Search a dataframe from a list and add column to say found or not

This is my df with 2 columns:

utid  | description
------+-------------------------------------
12342 | my name is 123 amrud and nitesh
 2345 | my name is anil
 2122 | my name is 1234 mohan

and a list like list {"mohan","nitesh"}.

I need to search if an element from this list is present in the description column. If yes, then print "found" else print "not found" in a different column of the dataframe.

The list is far bigger than this of around 20k elements.

The output dataframe should be like this:

utid  | description                     | foundornot
------+---------------------------------+-----------
12342 | my name is 123 amrud and nitesh | found
 2345 | my name is xyz                  | not found
 2122 | my name is 1234 mohan           | found

Any help is welcome

Solution

You can simply define a udf function check for the condition and return on of the found or not found strings

val list = List("mohan","nitesh")

import org.apache.spark.sql.functions._
def checkUdf = udf((strCol: String) => if (list.exists(strCol.contains)) "found" else "not found")
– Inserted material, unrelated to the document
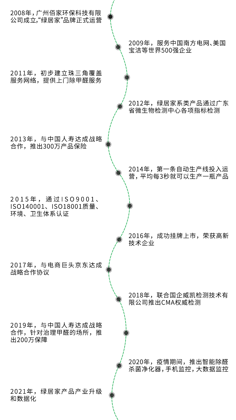 自2008年公司成立以來,憑借著對(duì)市場(chǎng)的精準(zhǔn)預(yù)判及科學(xué)的發(fā)展戰(zhàn)略,綠居家快速搶占室內(nèi)空氣治理市場(chǎng),不斷擴(kuò)大發(fā)展規(guī)模。面對(duì)日新月異的市場(chǎng)競(jìng)爭(zhēng),綠居家不斷增強(qiáng)產(chǎn)品及技術(shù)創(chuàng)新水平,并與京東、CVC威凱、中國(guó)人壽等知名企業(yè)建立了戰(zhàn)略合作關(guān)系,不斷邁向?qū)儆诰G居家更高的發(fā)展階梯。

df.withColumn("foundornot", checkUdf(col("description"))).show(false)

Thats it and you should be getting

+-----+-------------------------------+----------+
|utid |description                    |foundornot|
+-----+-------------------------------+----------+
|12342|my name is 123 amrud and nitesh|found     |
|2345 |my name is anil                |not found |
|2122 |my name is 1234 mohan          |found     |
+-----+-------------------------------+----------+

I hope the answer is helpful